Supplied information:
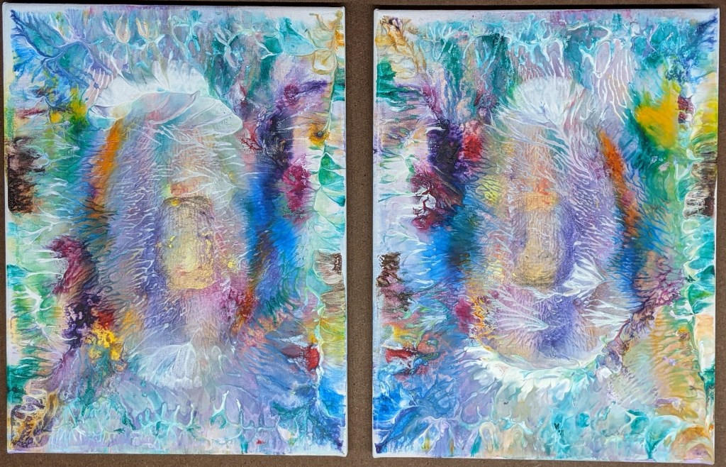 new painting: “The JOY on the Outside rejoices in the presence of the JOY on the Inside.” by Thomas Typewriter paintings “he JOY on the Outside rejoices in the presence of the JOY on the Inside.” by Thomas Typewriter (watercolor and gesso on two stretched canvas panels)
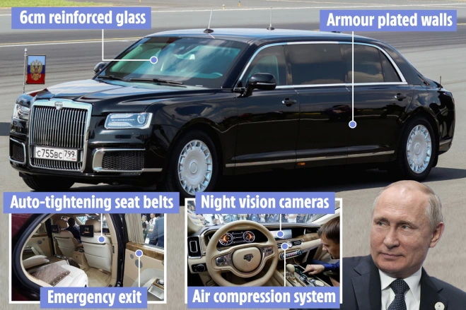 به گزارش سایت طلا، خودروی رئیس جمهور روسیه معمولاً توسط موتورسیکلت‌های Ural یا BMW اسکورت می‌شود. این خودرو زرهی هفت تن وزن دارد و می‌تواند در برابر بمب و تسلیحات شیمیایی مقاومت کند.
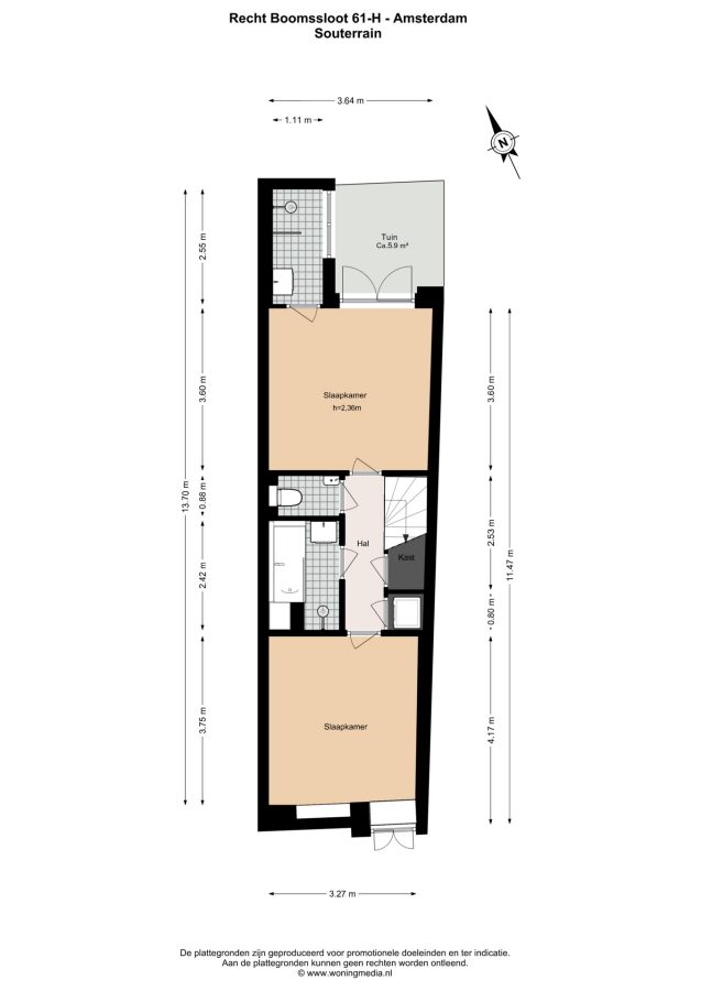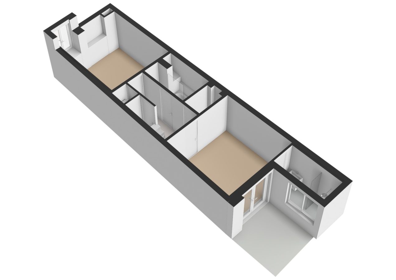 In het souterrain bevinden zich twee ruim bemeten slaapkamers en twee luxe badkamers. De hoofdbadkamer is voorzien van een ligbad, inloopdouche en wastafel, terwijl de tweede badkamer beschikt over een douche en wastafel. De slaapkamer aan de achterzijde biedt toegang tot een tweede, intieme buitenruimte met veel privacy.

Exercise:
From the line containing "به گزارش سایت" down to the final line of the material, restate every line word for word, and only those; drop the pictures.

Result:
 به گزارش سایت طلا، خودروی رئیس جمهور روسیه معمولاً توسط موتورسیکلت‌های Ural یا BMW اسکورت می‌شود. این خودرو زرهی هفت تن وزن دارد و می‌تواند در برابر بمب و تسلیحات شیمیایی مقاومت کند.
 In het souterrain bevinden zich twee ruim bemeten slaapkamers en twee luxe badkamers. De hoofdbadkamer is voorzien van een ligbad, inloopdouche en wastafel, terwijl de tweede badkamer beschikt over een douche en wastafel. De slaapkamer aan de achterzijde biedt toegang tot een tweede, intieme buitenruimte met veel privacy.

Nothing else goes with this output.